Bye Bye American Apparel, Hello Nancy Upton!

For a number of reasons, I've always avoided talking about American Apparel on the blog. However, a couple of days ago I came across something that is just too brilliant not to discuss! You may have heard about some of American Apparel's customary activities: coke-fuelled orgies, sexual harassment lawsuits, best ass contests... all the normal occupations of a serious retail company, what? Well, this year, on top of all that, there was the... (drumroll) Next BIG Thing (bahboom-tsh!!!), a contest aimed to find the perfect model for AA's new plus size range of clothing. It worked like this: contestants had to post their pictures on the company's website and the one who got more votes from viewers would be the winner. Enter Nancy Upton, a pretty (and pretty smart) girl from Texas, who decided to participate in the contest not to win, but just to sort of get back at the mildly obnoxious contest slogan, "booty-ful" (it must really have taken a poetry genius to come up with that one).
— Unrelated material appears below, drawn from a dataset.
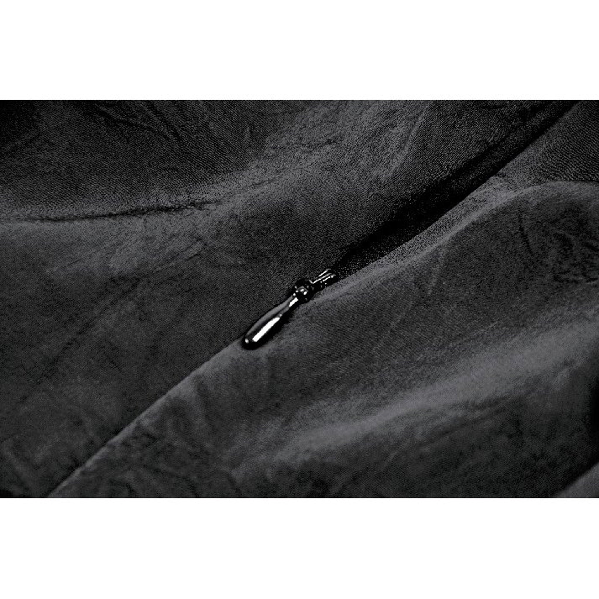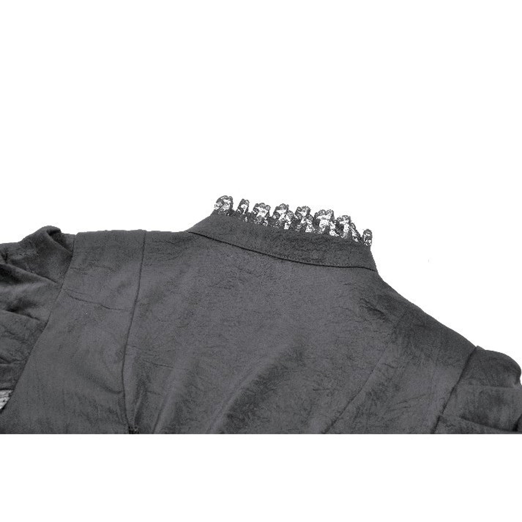 Embrace your inner elegance with this striking Gothic Victorian dress, where textured crinkled fabric meets delicate lace and ethereal mesh. The dramatic high collar frames your face beautifully, while the U-shaped lace bodice layered with tiered sheer mesh creates stunning visual depth. A functional button placket secured with a sapphire brooch and inner snap ensures both style and security, followed by five coordinating sapphire buttons. The thoughtfully designed sleeves blend pleated fabric at the shoulder for shape, stretchy lace for comfort, and voluminous triple-layered mesh at the cuffs for that coveted regal silhouette. Complete with a lace-up back for the perfect fit.

So she posed for her friend Shannon Skloss brilliantly parodiating some of the fashion industry's commonplace ideas about food, fashion, sex and curvy women. The pictures are pretty fantastic.



Nancy didn't count on winning the contest. But she did. And that's where the media circus began.
Instead of being offered the immense privilege of starring in an AA campaign (which offers incalculable professional opportunities, for as we know many of AA's former ad girls have gone on to pursue a profitable career in the porn industry) , Nancy received a letter written by a tantrum-throwing AA employee, scolding miss Upton for her "stunt", and featuring some unforgettable sentences about AA's CEO Dov Charney ("Dov is a great American Industrialist", "we really like Dov and we passionately believe in his vision", "a lot of people would be very sad if this company wasn't around") and about Nancy's photos ("It's a shame your project attempts to discredit our positive intentions", "we have decided to award the prize to someone who truly exemplifies the idea of beauty inside and out"). I wonder why a "serious" company would react to a setback like a high-school mean-girl prom queen realizing that "OMG, the fat girl is now far more popular than me, that's like totally not happening!". Yeah, well... dear American Apparel: bad crisis management.


"Is butter a carb?"

Not that I'm surprised by their bad management; after all, they showcase it repeatedly with their near-bankruptcy business numbers, their lawsuits every other week (by employees who have been sexually harassed or by Woody Allen himself) and their ad campaigns proudly objectifying women. Of course it's probably easier for a company to go awry when 90% of its employees are coked-up high-school dropouts who can barely read but that compensate it by partying 8 days a week and being the coolest people on earth, gold-lamé-spandex style.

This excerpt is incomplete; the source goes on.